Solomon: 'Cause right now we're being taught to keep them very separate. Like, okay, this is the agent and it's got rules and this thing and then these are the tools and you can use MCP or whatever.

But in fact, why can't an agent be wrapped in a tool for another agent to call it and just kind of keep building like that.

So our approach is, it's all functions. Just write a function, define the inputs and outputs, and if there's an LLM doing stuff inside the function, great.

It's a function that's really smart. You know, but it's still just a function and then you just kind of keep building up.

And I'm just really interested to see how that's going to play out, you know. 'Cause right now the tooling's just not there yet.

Brian: Yeah, and I think there's... I was talking to someone at Google DeepMind who's building some of the degenerative like art and images stuff inside of Gemini.

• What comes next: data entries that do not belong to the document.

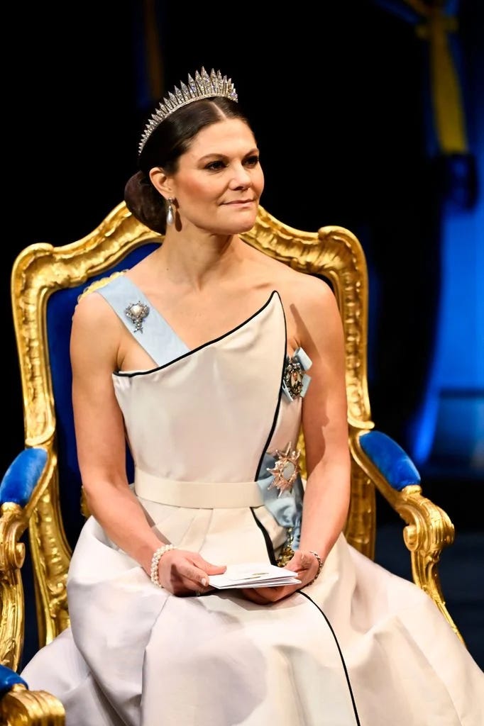 Over in Sweden, the royal family also pulled out all the stops to attend a banquet, the Nobel Prize Banquet 2025 in Stockholm. Crown Princess Victoria once again proved she is the queen of royal re-wears, stunning in a gown designed by Jacques Zehnder, which her mother, Queen Silvia, wore to the same Nobel banquet in 1994.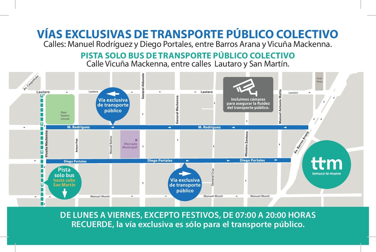 Solicito modificar restricción de circulación en calle Diego Portales en Temuco, que es una vía exclusiva de microbuses pero que abarca ciertas calles, no la totalidad de la vía.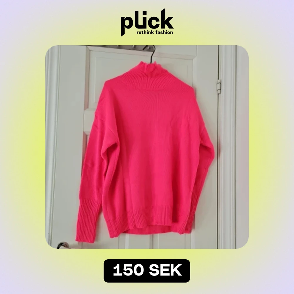 Säljer en supercool neonrosa stickad polotröja. Den är perfekt för att lysa upp vilken grå dag som helst! Tröjan har långa ärmar och en hög polokrage som håller dig varm och mysig. Perfekt för höst och vinter. Oanvänd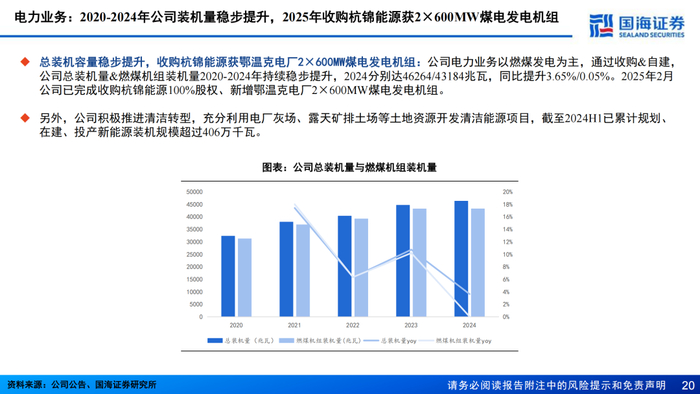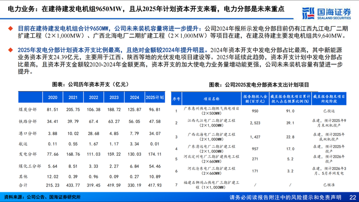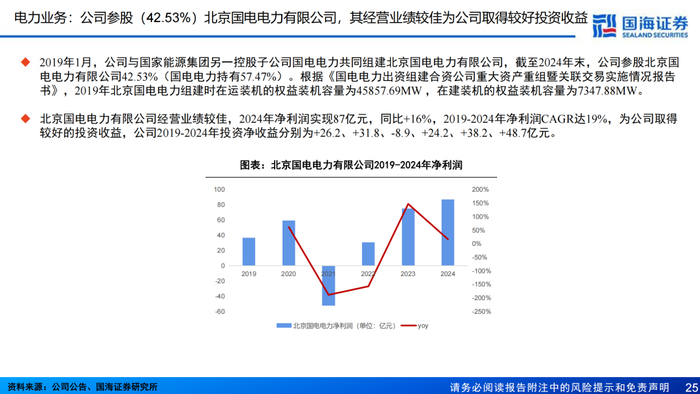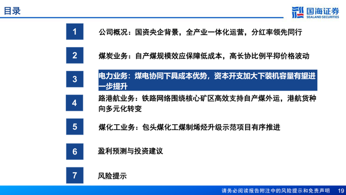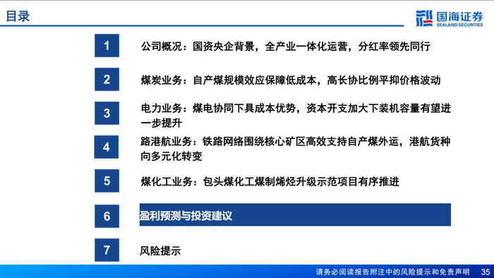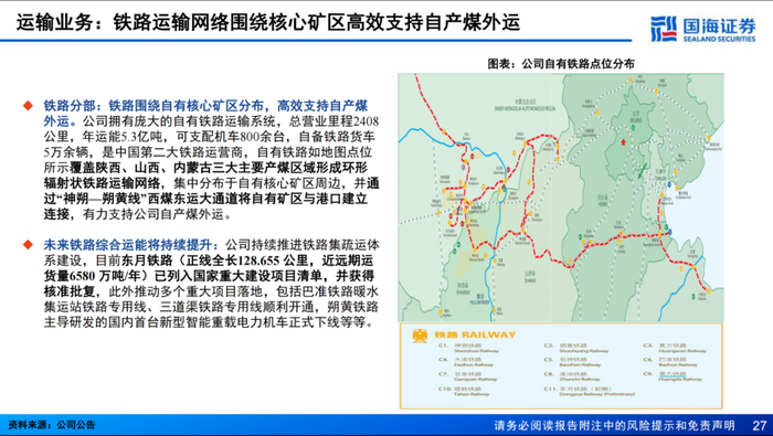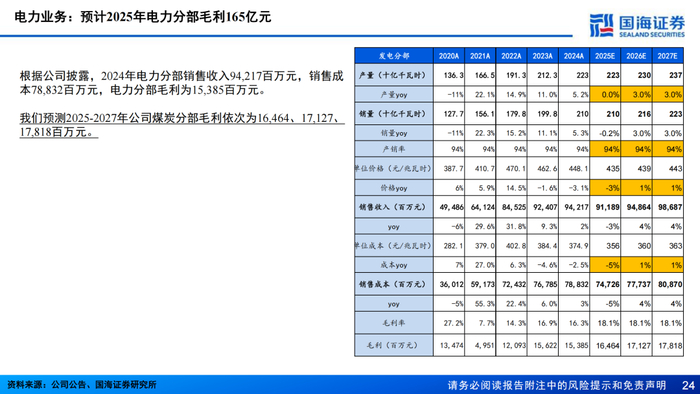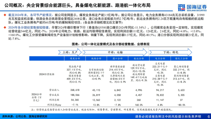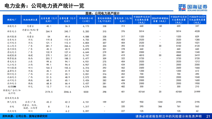 电力业务:拥有在建及待建发电机组9640MW,未来煤炭自给率提升将进一步优化电力成本。2024年公司总装机量为46264MW,同比提升3.65%。2025年2月,公司通过收购杭锦能源,新增鄂温克电厂2X600MW煤电发电机组。未来装机量有望延续增势,截至2024年末在建及待建主要发电机组共9640MW。从经营数据看,装机容量增长带动公司发售电量增长,公司2024年发电量同比提升5.2%至223.21十亿千瓦时,同比增速高于全国规模以上火电厂发电量同比增速(+1.5%)。2024年公司销售电价与单位成本均下降,分别为448元/兆瓦时和375元/兆瓦时,单位毛利73元/兆瓦时。目前公司电力分部煤炭自给率76%,未来随煤炭资产注入,自给率有望提升,将进一步强化电力成本优势。我们预计2025年电力分部毛利165亿元。同时,公司参股(42.53%)北京国电电力有限公司,其2024年净利润87亿元,2019-2024年净利润CAGR达19%,为公司提供较好投资收益。

And was kind of explaining some, like, how they were approaching that without, you know, sharing the secret sauce.

But then I think Perplexity has a good example of like, I haven't read any of the stuff that, how they're building it, but they do have a sort of tool chain, an accessible tool.

So like you've got the models that have the context since like, you know, 2023 or whatever the last six months maybe might have that data, but then the tool will go fill in the data.

So like specifically, I'm in my warrior's gear today, but on Monday, was it Monday when Steph Curry got injured? Maybe it was Tuesday.

I went into Perplexity, asked a question of like, "Okay, based on his injury," I actually we didn't know what it was. You know, "How long is he going to be out?"

And what's nice is that Perplexity can leverage the tools that they have accessible to them to know what I'm talking about, and then use its knowledge base to then like, give me an answer of like, "Oh, yeah, one to four weeks."

I'm like, "Oh, okay, this is... Season's done." But at least I knew that as a fan.

John: Yeah.

Solomon: Yeah. It's just, we're going to get used to this stuff really quickly, right?

John: Yeah. I was just going to say, I feel like I'm really left behind. I'm still on just, you know, copy pasting stuff out of Claude.

Mostly just 'cause like, I'm stuck in Vim land and it's like I'm never going to be able, and I know that a lot of these things have a, you know, Vim modes and then these days, but I'm like so deep down the rabbit hole.

Solomon: I do that a lot.

John: Oh, you do that a lot, yeah?

Solomon: Well, yeah, I mean I use ChatGPT but like I use Zed as my main editor and they just launched the full blown agent editing.

And I actually haven't built up the habit to using it, but I've been using the contextual, like I'll just select one piece of text, very specific context and then they have this control enter and in that context you can say, refactor or you know, add error checking or whatever.

And I use that. But you know, the code base wide, "Hey, refactor me everything."

John: Right.

Solomon: I haven't really like, I don't vibe code beyond that, but they'll have ChatGPT like, "Code me a function that does something," that I just, I'm too lazy to do, and then I'll just copy paste it so.

I feel like that's what most people still do. So I don't think you're left behind. It's just Brian who's ahead of us.

John: Yeah, exactly.

Brian: Yeah, and that's because I get to write tech debt every weekend, so yeah. No one's, no one's reviewing my code.

John: There you go.

Solomon: If you guys want to write some like autonomous agents on the backend, to work on your code base, I can hook you up with some Dagger 'cause it's pretty fun.

Brian: Yeah, it sounds like, John, you've just got to build out the ecosystem. Support all these NeoVim users.

John: I'm on it.

Brian: Excellent. Well, with that, folks, be sure to stay ready.